Classification is a supervised learning task where we predict discrete categories or classes. Unlike regression (predicting continuous values), classification predicts categorical outcomes.

### Types of Classification:
- **Binary Classification**: Two classes (e.g., spam vs. not spam)
- **Multi-class Classification**: More than two classes (e.g., flower species)
- **Multi-label Classification**: Multiple labels per instance

In [None]:
# Create a comprehensive classification dataset
np.random.seed(42)

# Generate synthetic customer data for predicting purchase behavior
n_samples = 1000

# Customer features
age = np.random.normal(35, 12, n_samples)
age = np.clip(age, 18, 70)  # Realistic age range
income = np.random.normal(50000, 20000, n_samples)
income = np.clip(income, 20000, 150000)  # Realistic income range
time_on_site = np.random.exponential(5, n_samples)  # Minutes on website
pages_visited = np.random.poisson(3, n_samples) + 1
previous_purchases = np.random.poisson(2, n_samples)
days_since_last_visit = np.random.exponential(10, n_samples)
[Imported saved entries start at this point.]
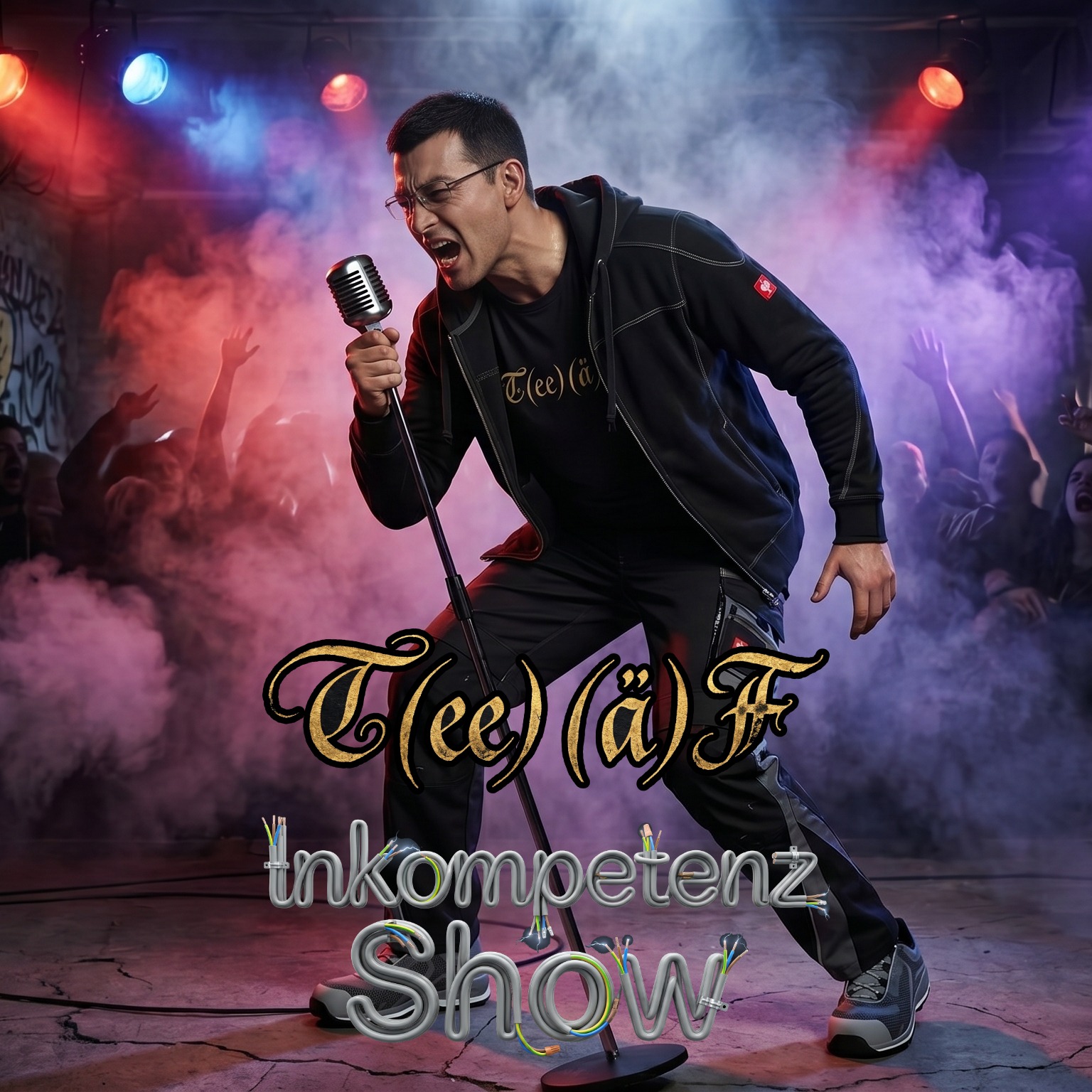 Comedy rap techno song, fast and energetic (Eurodance / happy hardcore vibe), German humor style like “Friesenjung”, absurd and chaotic storytelling, funny party energy, catchy shout chorus, simple repetitive hook, playful spoken rap parts, crowd participation, exaggerated comedy lyrics, meme-like internet humor, high BPM, festival style, ironic and over-the-top fun atmosphere, designed for sing-along and laughter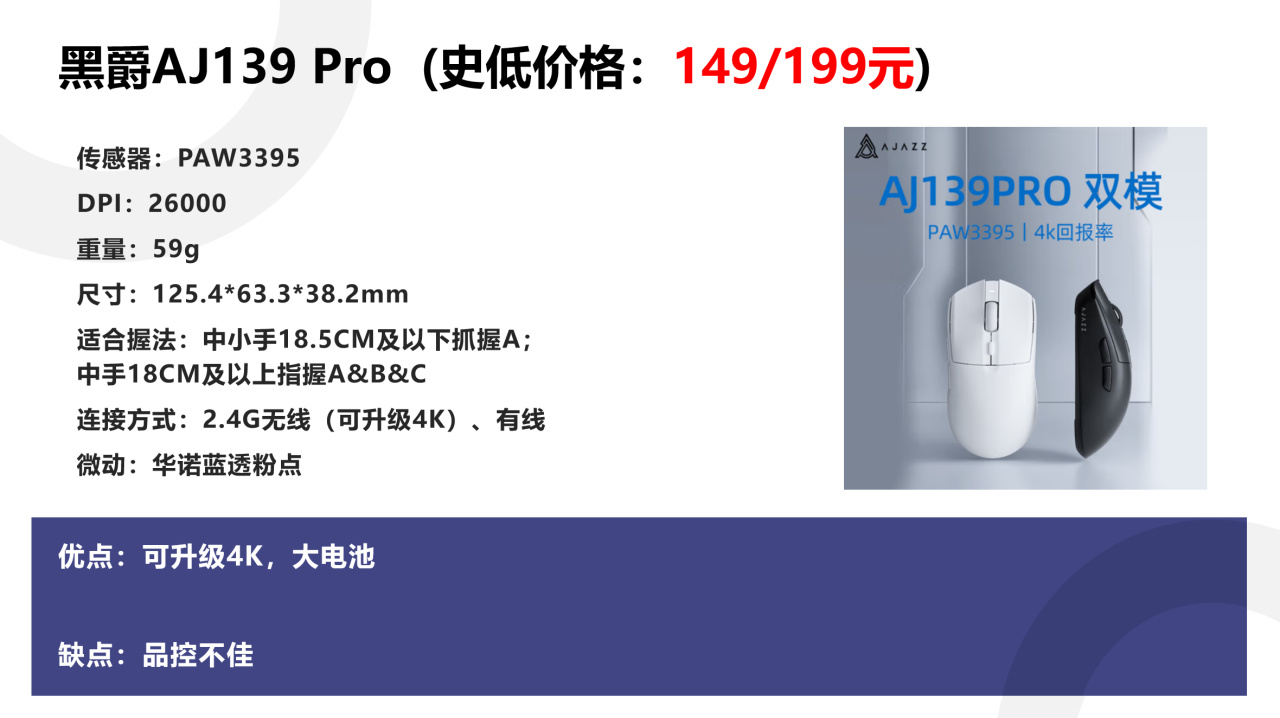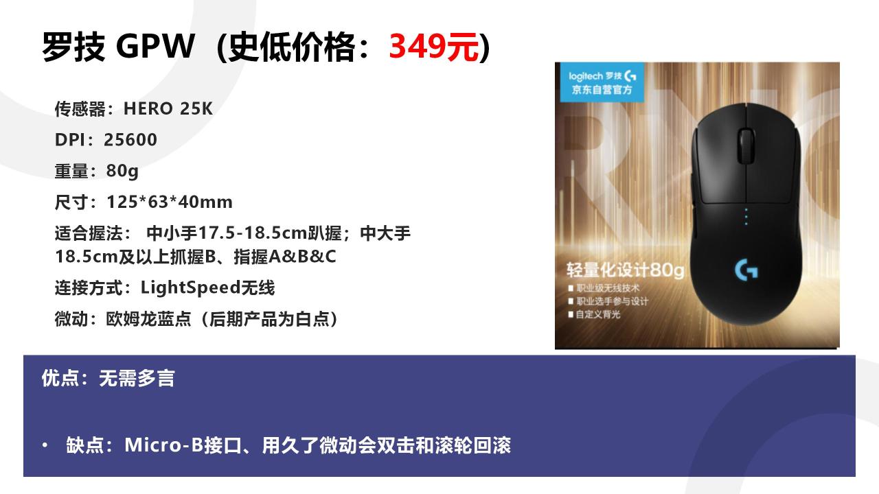 但是你如果说,我是FPS玩家,我追求更低的延迟,更适合我的模具,更轻的重量等等,那咱就接着往下看。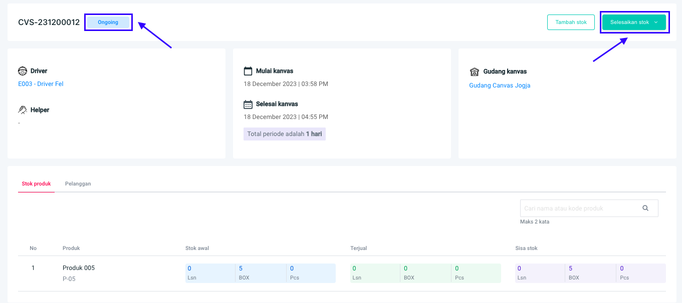 * **Completed:** Status Canvassing sudah selesai atau canvasser sudah kembali ke gudang. Anda telah melakukan **Selesaikan Kanvas.**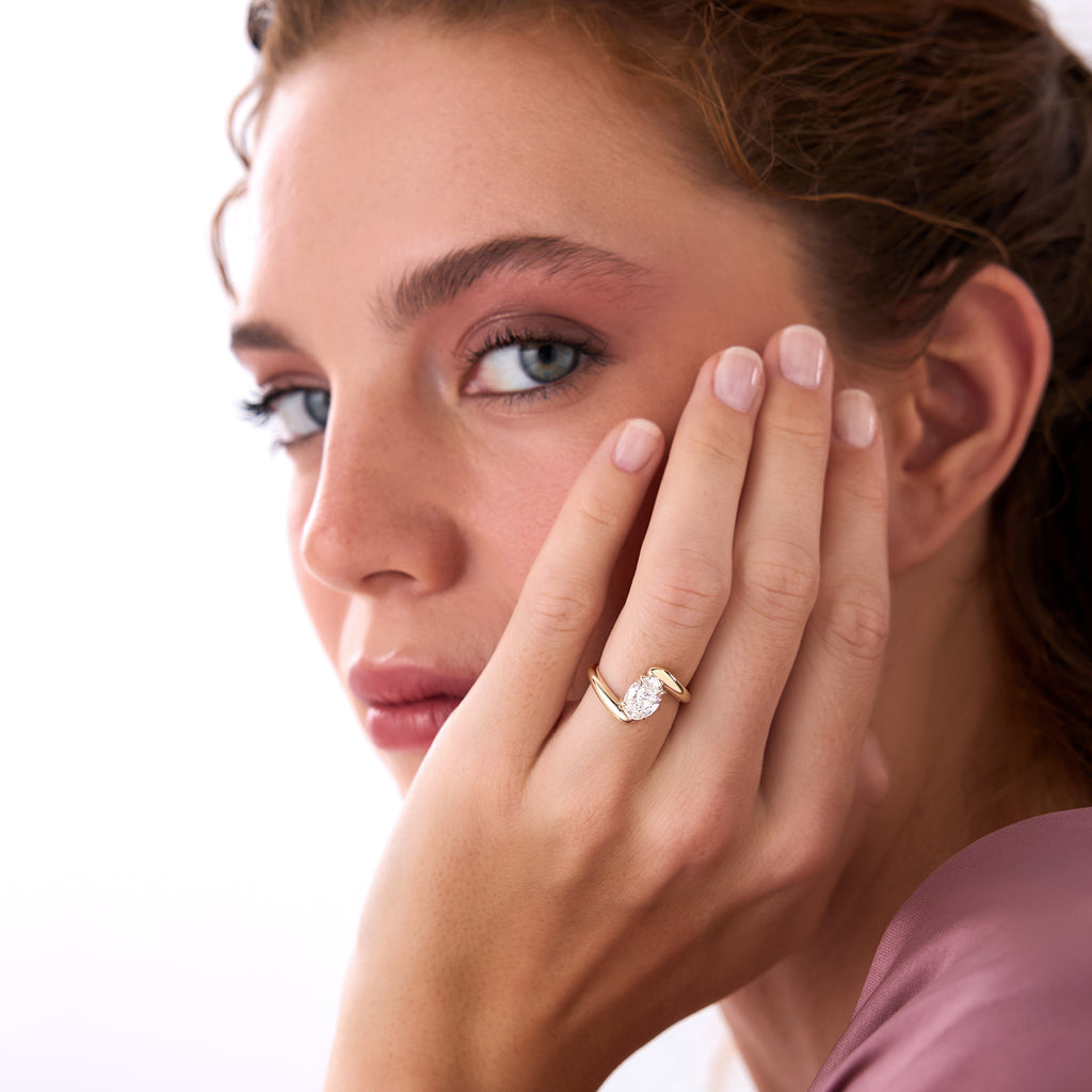 1.50 Ctw 14k Lab Grown Oval Shaped Diamond Bypass Ring - Flavia

# Create realistic relationships for purchase decision
# Higher income, more time on site, more pages visited = higher purchase probability
purchase_probability = (
    0.3 * (income / 50000) +
    0.2 * (time_on_site / 10) +
    0.2 * (pages_visited / 5) +
    0.15 * (previous_purchases / 3) +
    0.1 * (age / 50) +
    0.05 * (1 / (days_since_last_visit + 1))
)

# Add some noise and create binary outcome
purchase_probability += np.random.normal(0, 0.1, n_samples)
purchase_probability = np.clip(purchase_probability, 0, 1)
will_purchase = (purchase_probability > 0.5).astype(int)

# Create DataFrame
customer_data = pd.DataFrame({
    'Age': age,
    'Income': income,
    'Time_on_Site': time_on_site,
    'Pages_Visited': pages_visited,
    'Previous_Purchases': previous_purchases,
    'Days_Since_Last_Visit': days_since_last_visit,
    'Will_Purchase': will_purchase
})

print("Customer Purchase Prediction Dataset:")
print(customer_data.head())
print(f"\nDataset shape: {customer_data.shape}")
print(f"\nClass distribution:")
print(customer_data['Will_Purchase'].value_counts())
print(f"\nClass balance: {customer_data['Will_Purchase'].mean():.2%} positive class")

In [None]:
# Exploratory Data Analysis for Classification
fig, axes = plt.subplots(2, 3, figsize=(18, 12))

# Feature distributions by class
features = ['Age', 'Income', 'Time_on_Site', 'Pages_Visited', 'Previous_Purchases', 'Days_Since_Last_Visit']

for i, feature in enumerate(features):
    row = i // 3
    col = i % 3
    
    # Create histogram for each class
    axes[row, col].hist(customer_data[customer_data['Will_Purchase'] == 0][feature], 
                       alpha=0.7, label='No Purchase', bins=30, color='red')
    axes[row, col].hist(customer_data[customer_data['Will_Purchase'] == 1][feature], 
                       alpha=0.7, label='Purchase', bins=30, color='green')
    axes[row, col].set_title(f'Distribution of {feature} by Class')
    axes[row, col].set_xlabel(feature)
    axes[row, col].set_ylabel('Frequency')
    axes[row, col].legend()
    axes[row, col].grid(True, alpha=0.3)

plt.tight_layout()
plt.show()

# Correlation matrix
plt.figure(figsize=(10, 8))
correlation_matrix = customer_data.corr()
sns.heatmap(correlation_matrix, annot=True, cmap='coolwarm', center=0,
           square=True, fmt='.2f', cbar_kws={'shrink': 0.8})
plt.title('Feature Correlation Matrix')
plt.tight_layout()
plt.show()

## 2. Logistic Regression

Logistic regression is a linear classifier that uses the logistic function to model the probability of class membership.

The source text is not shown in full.